Testing your prolactin levels is relatively more practical and affordable than testing for testosterone and other sex hormones. Since prolactin levels are a reflection of your general hormonal health, periodic testing for it is a good way of getting an initial view of your hormonal and overall health status.
Prolactin is a peptide hormone produced in the pituitary gland. It's mostly known for promoting milk production (lactogenesis) and breast development in women. However, prolactin has over 300 functions overall in both men and women, meaning it's truly a multipurpose hormone.
Although at a lesser extent than gonadotropin-releasing hormone (GnRH), prolactin interacts with the luteinizing hormone receptors found in the Leydig cells of the testes. This interaction results in an increased production of testosterone. On the other hand, due to unknown reasons, prolactin decreases GnRH production.
Aside from this, prolactin moderates the production of lymphocytes (a type of white blood cell) by the immune system. It promotes the inflammatory response and suppresses the anti-inflammatory response of the immune system. This is useful in situations when an inflammatory response would be more appropriate than an anti-inflammatory response—for example, in case of infection.
Prolactin is responsible for the body’s metabolism of certain nutrients. It enables sodium, chloride, and calcium to pass through intestinal epithelial membranes. In the kidney, prolactin helps the organ to retain sodium, potassium, and water.
Moreover, prolactin is partly responsible for that sense of gratification after sex. It does this by countering the effects of dopamine, one of the hormones responsible for sexual arousal. In fact, prolactin levels are a possible indicator of the degree of sexual satisfaction and relaxation.
Your prolactin levels can tell a lot about your hormonal health. Also, it's relatively more affordable and practical to monitor, compared to other hormones.

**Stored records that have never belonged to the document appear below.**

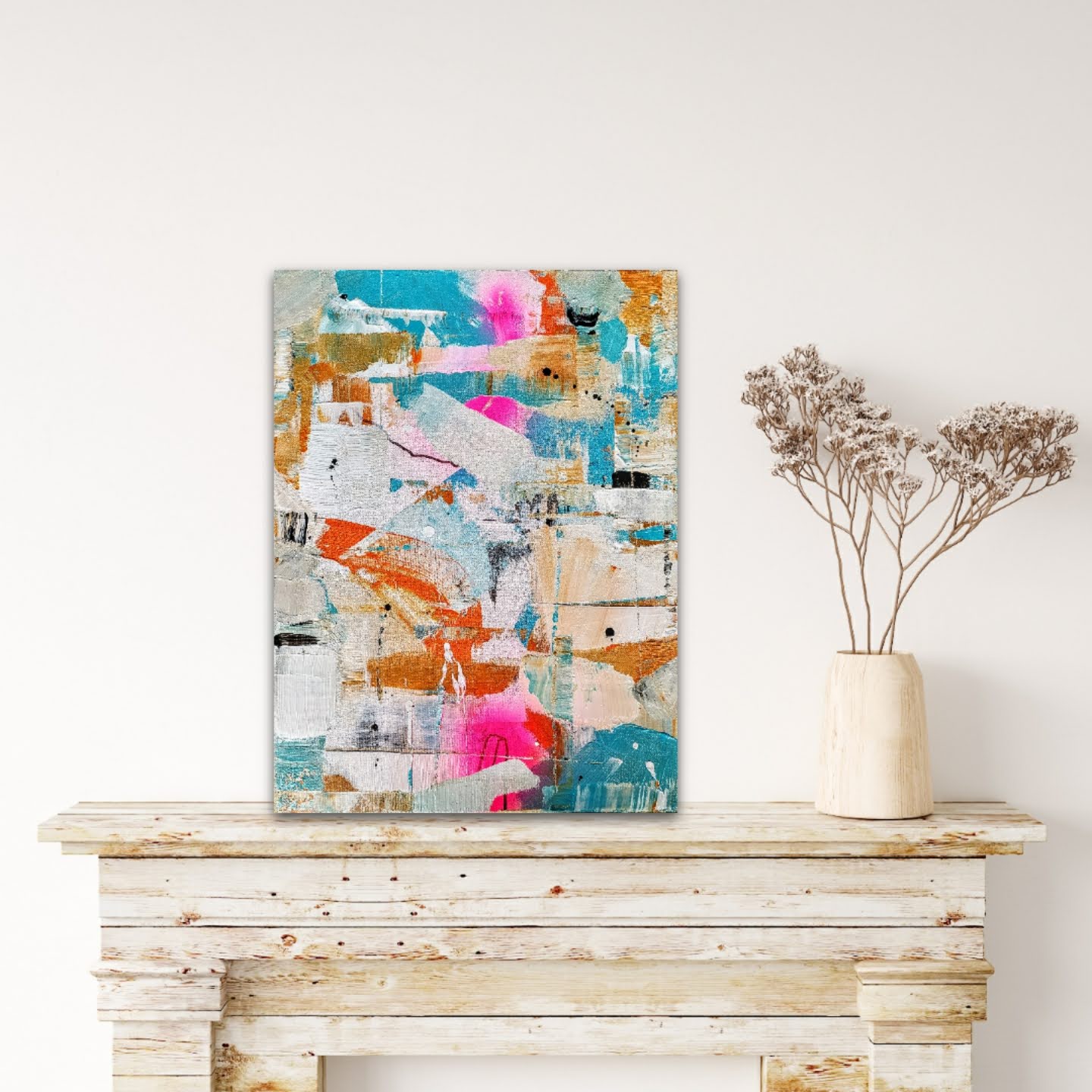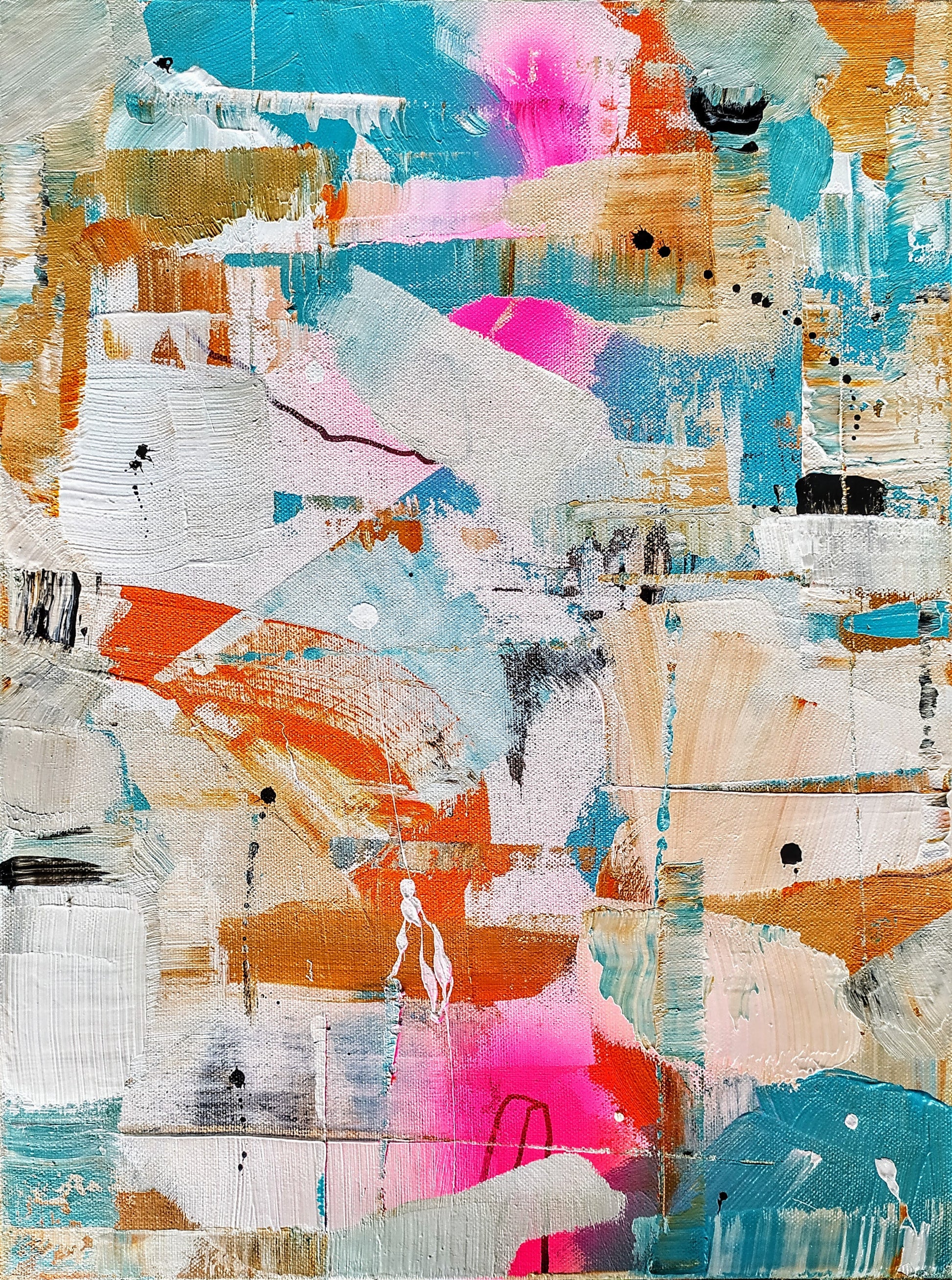 Obra perteneciente a la serie "August". 2 obras creadas con múltiples capas, sobre una base de colores ocres, naranjas, rosas y azules, homogeneizando con cremas y blancos.
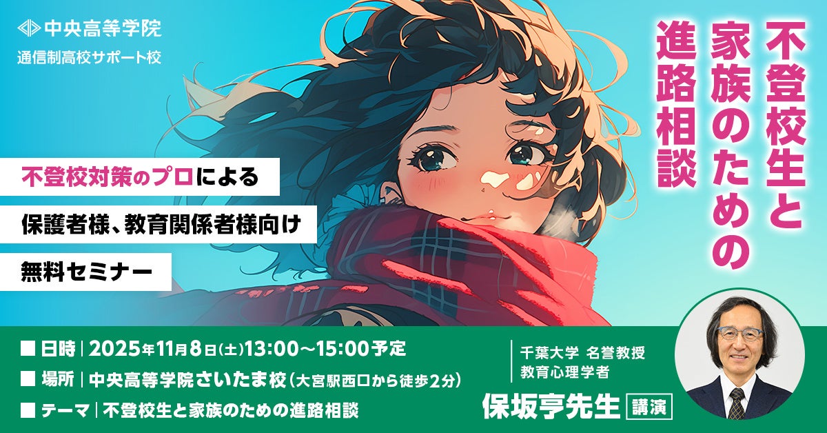 中央高等学院 さいたま校で不登校生と家族のための進路相談セミナーを11月8日(土)に開催
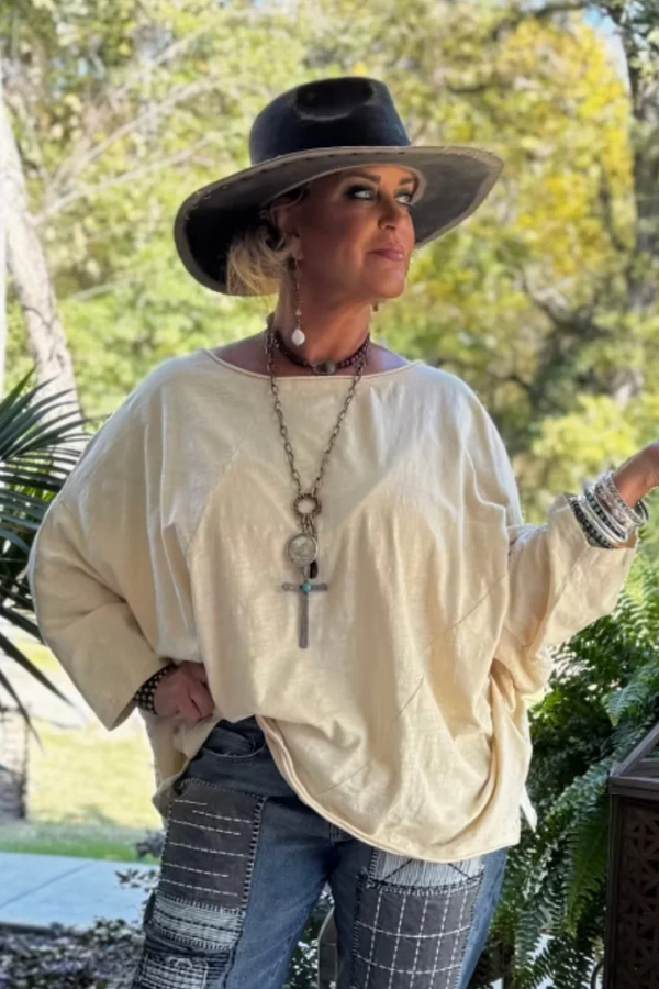 Embrace effortless bohemian style with the Jaded Gypsy Be Free Top in a versatile Oatmeal hue. Crafted from premium 100% breathable cotton, this oversized top is designed for the woman who values both comfort and a free-spirited aesthetic. One Size
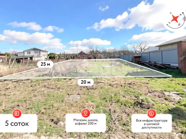 Участок площадью 5 соток с широким фасадом в 22 метра представляет собой готовую и удобную площадку для строительства индивидуального дома. Ключевым преимуществом является особенность, что участок угловой, заезд с двух сторон, появляются дополнительные возможности для зонирования территории. Все необходимые центральные коммуникации проходят в непосредственной близости, что существенно упрощает и удешевляет процесс подключения. Район активно развивается, о чем свидетельствует новый жилой дом на соседнем участке, где уже проживает семья. Инфраструктура сформирована: общеобразовательная школа находится в 2-3 минутах неспешной ходьбы, а продуктовый магазин — буквально в одной минуте. Главной особенностью локации является тихая, спокойная атмосфера и непосредственная близость к природе. Берег реки Протоки находится в шаговой доступности, что открывает возможности для рыбалки и отдыха на воде. Участок идеально подойдет для тех, кто ценит баланс между развитой бытовой инфраструктурой, транспортной доступностью и преимуществами загородной жизни у воды. Текущее состояние территории позволяет начать строительство в кратчайшие сроки. Для получения детальной информации и организации просмотра доступен телефон для связи. . Дополнительно оплачивается комиссия с покупателя. Код пользователя: 197131 Номер в базе: 11879839
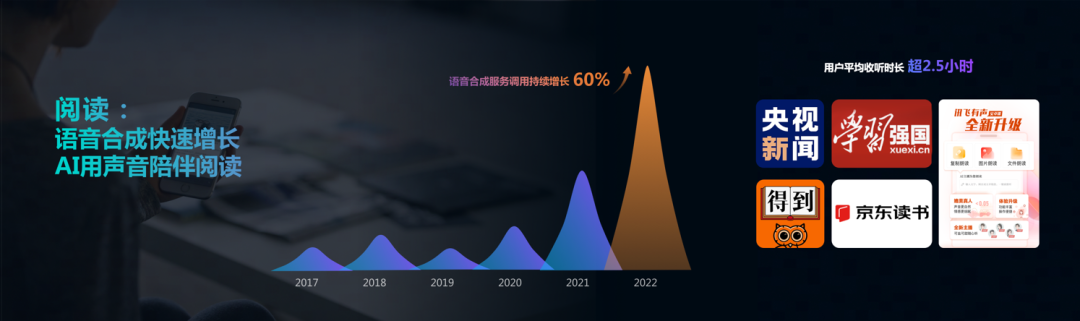 在阅读场景,一些大型新闻类、阅读类APP的应用,让语音合成服务的调用量有了明显增长。在AI的加持下,用声音陪伴的阅读体验,正在改变用户的阅读习惯,提升阅读粘性。
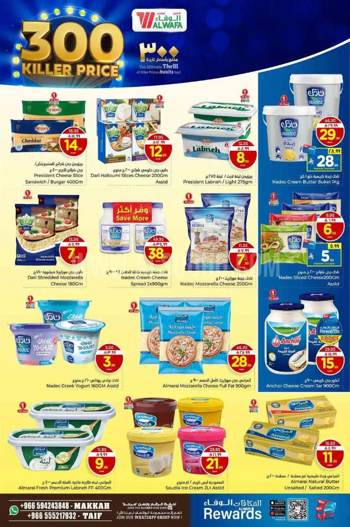 عروض الوفاء هايبر ماركت اليوم 7 يناير 2026 الموافق 18 رجب 1447 300 منتج باسعار نارية. نهاية العام مع الطازج أحلى! تخفيضات على كل المنتجات الطازجة لتعيش تجربة تسوق ما بتنساها وتعيدها مرة ومرتين. لا تفوّت فرصة التوفير الأقصى! خصومات الكبرى على مستلزمات العائلة والسلع الأساسية متوفرة الآن. اغتنم أقوى تخفيضات الموسم على المنتجات اليومية، وابدأ التخطيط لميزانية منزلك بذكاء مع قيمة لا مثيل لها. عروض الوفاء هايبر ماركت اليوم: تجدون ضمن منتجات الأسبوع: طحينة المراعي (250 جرام). لبنة فاخرة المراعي كاملة الدسم (400 جرام). حليب المراعي طويل الأجل كامل / قليل الدسم (18×200 مل). حليب بروتين المراعي (400 مل). جبنة المراعي هيرتز طابوقة (454 جرام). وإليكم الصور الآتية على موقع عروض
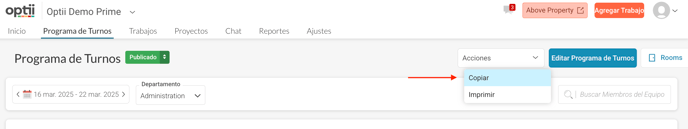 Ahorra tiempo creando tu nuevo horario semanal copiando el horario de la semana anterior utilizando la función "Copiar" en el menú desplegable "Acciones".
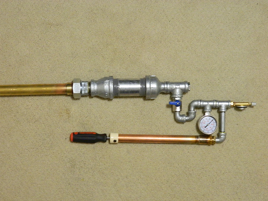 I've started this hybrid project a few weeks or so ago and the parts came in and now I've got something together. I'm waiting on a 14mm spark plug that's coming in the mail that will thread into the adapter on the back of the 1/2 tee. It's got a hand pump I made that goes to 120psi pretty easy. In case you're interested I included the volume diagram and final equation for this air-through meter design which takes into account the volume of the meter.
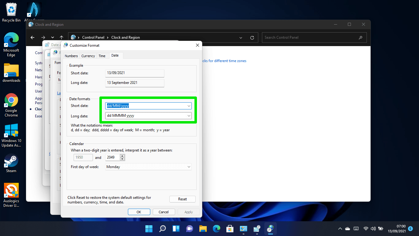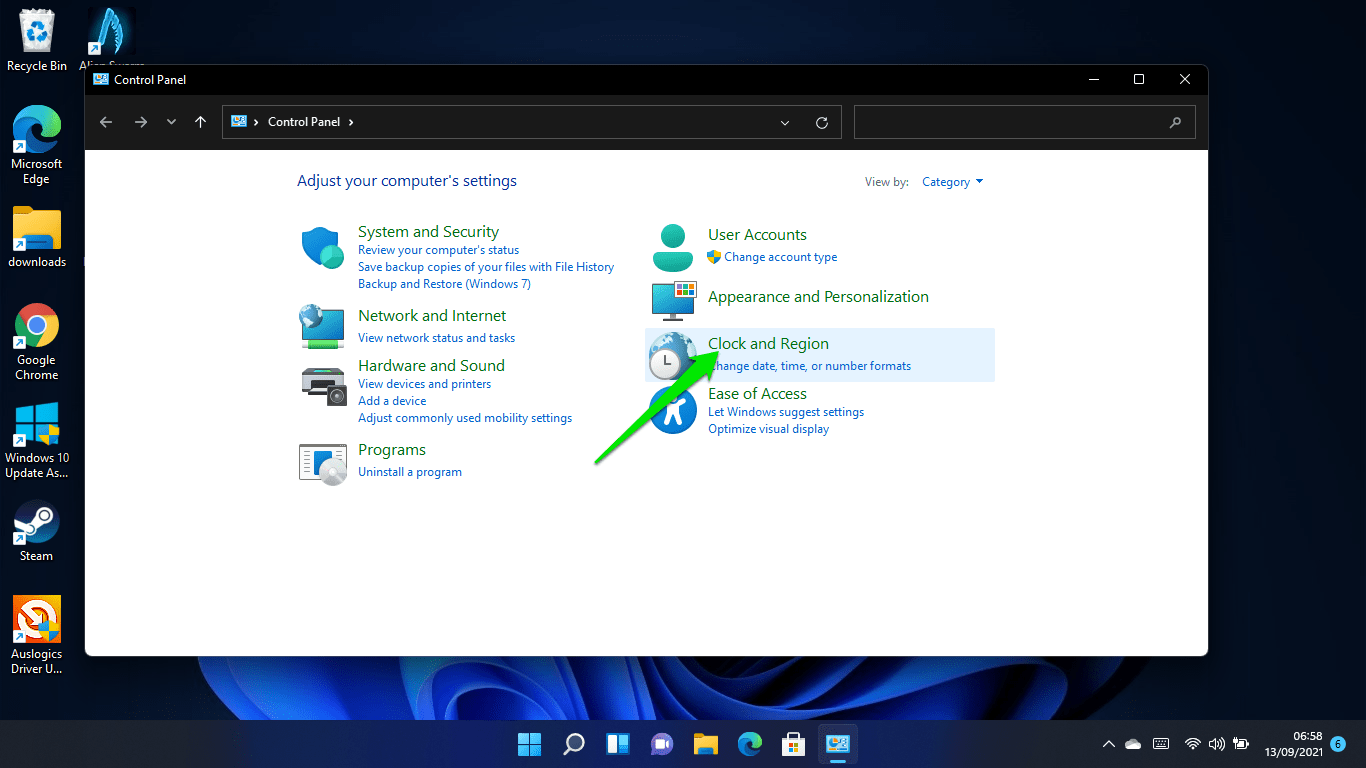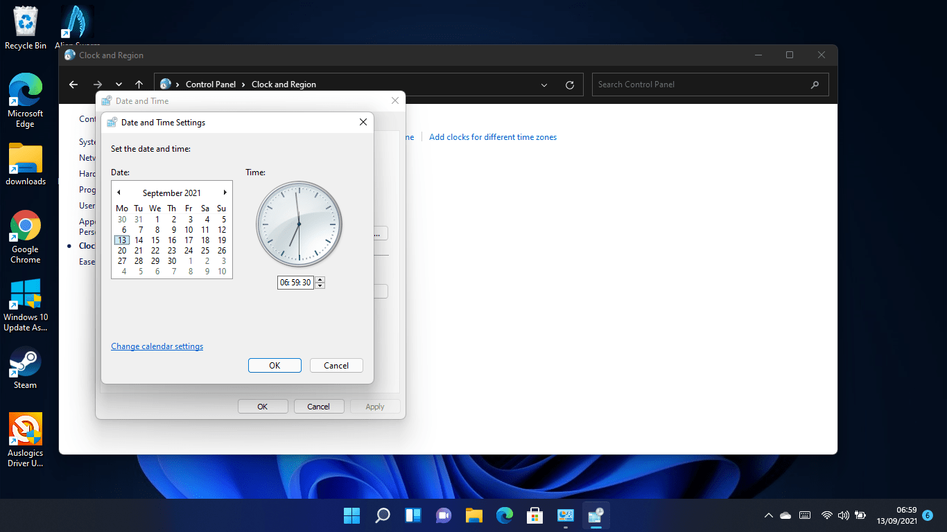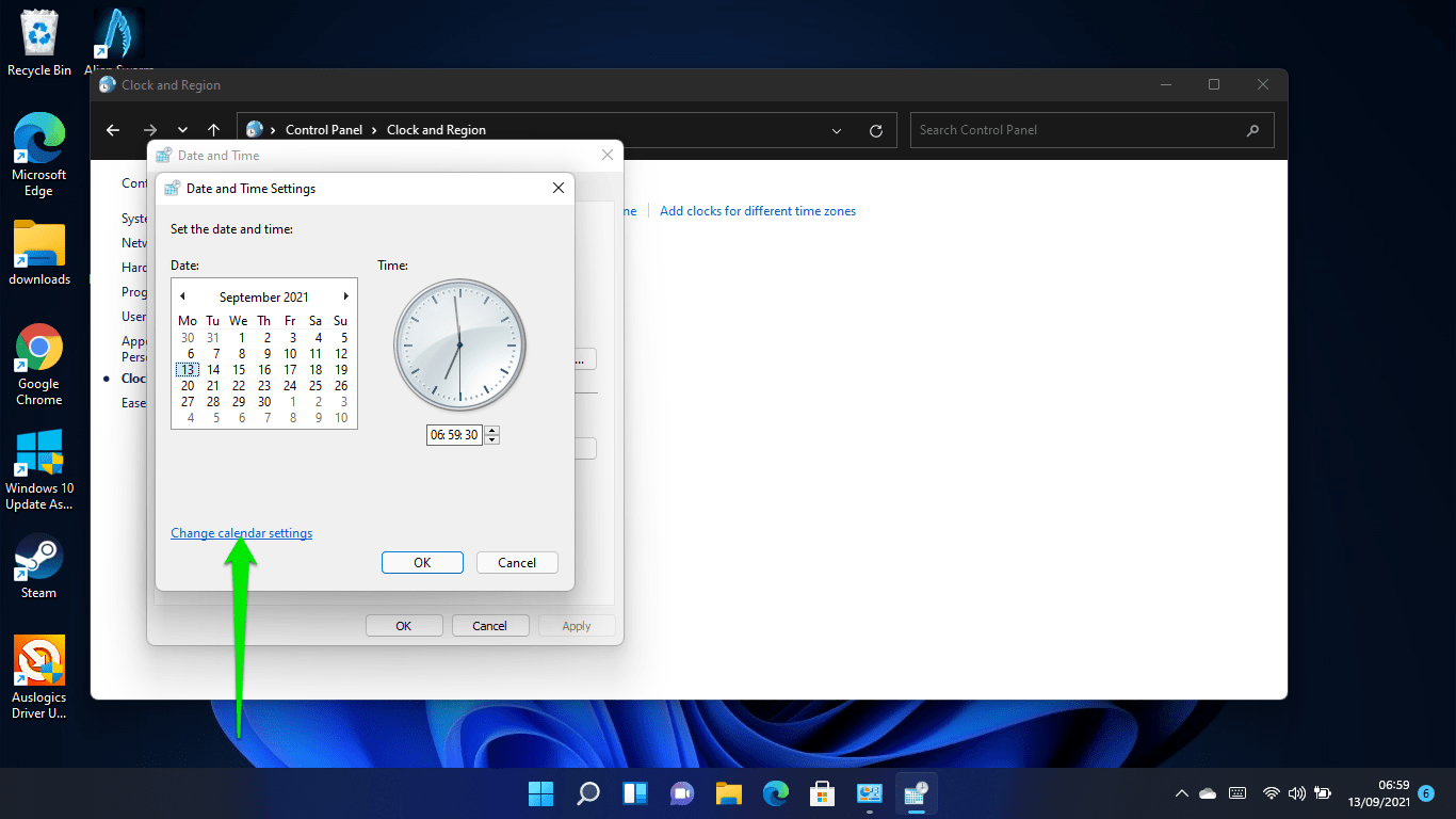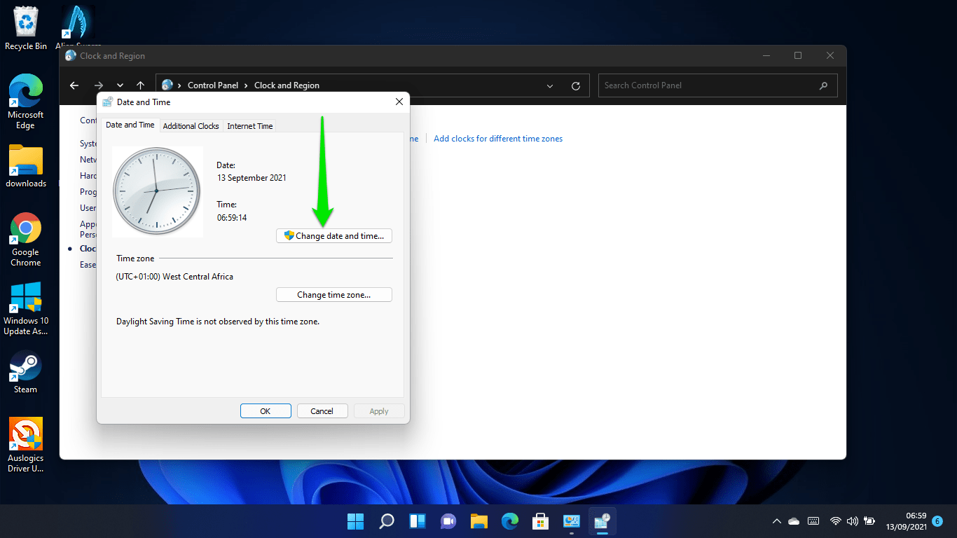 How to change the time and date in Windows 11 using the Control Panel
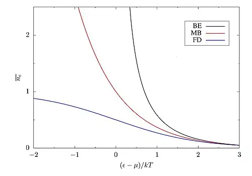 Nota-se que um sistema de bósons possui uma maior ocupação dos estados, devido aos efeitos quânticos de simetria da função de onda do sistema [11]. Nesta distribuição identifica-se que para o regime as distribuições quânticas de Bose-Einstein (BE) e Fermi-Dirac (FD) se aproximam da distribuição clássica de Maxwell-Boltzmann (MB), que representa o regime de baixas densidades e altas temperaturas, ou seja, o limite clássico [12].
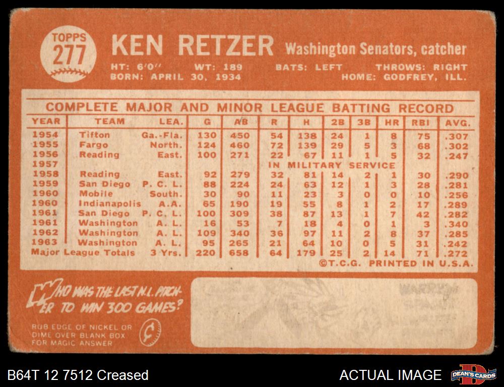 1964 Topps #277 Ken Retzer Front Thumbnail
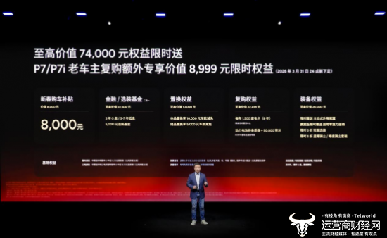 即日起至2026年3月31日24点前下定小鹏P7,用户可享受至高74,000元的配置限时送权益,包括价值8,000元的新春购车补贴,并可二选一享受5,000元选装基金,或3年0息/5-7年低息的金融购车权益;同时,置换用户可获至高10,000元置换权益,复购用户可享至高22,499元复购权益。在外观方面,小鹏提供了至高价值20,000元的装备权益,两款新色套装及轮毂选装的限时半价优惠,主动式升降尾翼限时赠送,购买鹏翼版车型的朋友还可额外获赠副驾零重力座椅。多重礼遇助力用户轻松开启智能出行生活。
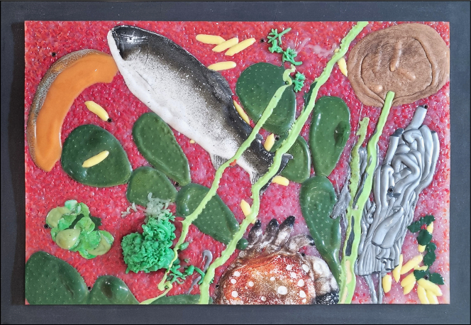 RONDA OMAR Portula 1947 - Biella 2017 "Fusion Genetic" Plastiche fuse ed applicate su legno, cm 63x44,5 del 1990. Al retro etichetta descrittiva con firma dell'Artista per autenticità, timbri e data.
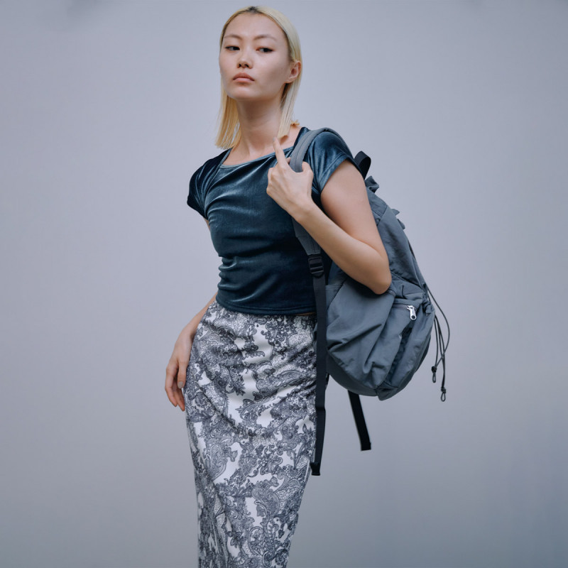 シンプルなシルエットでトップとのバランスがとりやすいアイテムで、オリジナルのプリントがコーディネートのアクセントに。

That's why regular monitoring of your prolactin is advisable to make sure the levels of your sex hormones, especially testosterone, are within the normal range.
Here are some health indicators based on prolactin levels:
For men, normal prolactin levels range from 5 to 25 ng/mL. Beyond this range, men can experience infertility, low sexual desire, decreased testosterone, and erectile dysfunction.
To get your prolactin levels back into the optimal range, exercise and healthy sleep are extremely effective. Moderate supplementation with mucuna pruriens, ginseng, uridine, and ginkgo biloba have also been observed to aid in getting normal prolactin levels.